I installed the Mini yesterday and immediately noticed that I cannot access my video library with it.

That didn't necessarily surprise me, neither pyTiVo nor TiVo desktop support MRS and the Mini doesn't have local space for a transfer. But it is still a little disappointing. I am hoping that TiVo will provide some future solution.

Maybe...

- Automatically Initiate an MRV transfer onto the host device, or
- allow MRS using the TiVo desktop solution, or
- create a new local streaming app using the Opera HTML5 App Store.


----------



## moyekj (Jan 24, 2006)

See Streambaby and Mini thread for some workarounds which allow you to initiate transfers to other TiVos in the house from which you can then stream to the Mini.


----------



## bunjicat (Jan 14, 2012)

What I do is push (or pull) the video to the Tivo DVR first. Once the transfer starts you can start the stream from the mini. You don't even have to wait for the transfer to complete before starting the video on the mini.


----------



## bigguy126 (Sep 4, 2007)

Another suggestion, Setup Vidmgr (basically a pytivo front end) and it DOES run from the mini. With it you can initiate the push(via pytivo) to the roamio and then watch on the mini.


----------



## pillpusher84 (Jan 19, 2008)

Thats unfortunate .... we need to figure out how to add a hard drive to these minis to really make them fully functional for streaming videos


----------



## jntc (Dec 5, 2013)

bigguy126 said:


> Another suggestion, Setup Vidmgr (basically a pytivo front end) and it DOES run from the mini. With it you can initiate the push(via pytivo) to the roamio and then watch on the mini.

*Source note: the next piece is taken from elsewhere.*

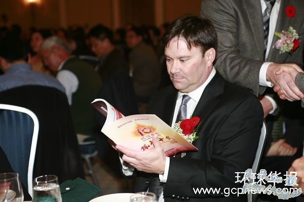 国会议员戴伟思阅读《环球华报十周年纪念专刊》。

Can you elaborate on this a bit. I think I understand, but want to better understand before embarking on all the requirements (seems a bit intense) to get PYHME, PyTivo, and VIDMGR installed and running.

Thanks!


----------



## bradleys (Oct 31, 2007)

I would much rather have a REAL streaming solution available from media shares.


----------



## jntc (Dec 5, 2013)

bradleys said:


> I would much rather have a REAL streaming solution available from media shares.


+1 on this - at least add DLNA functionality.


----------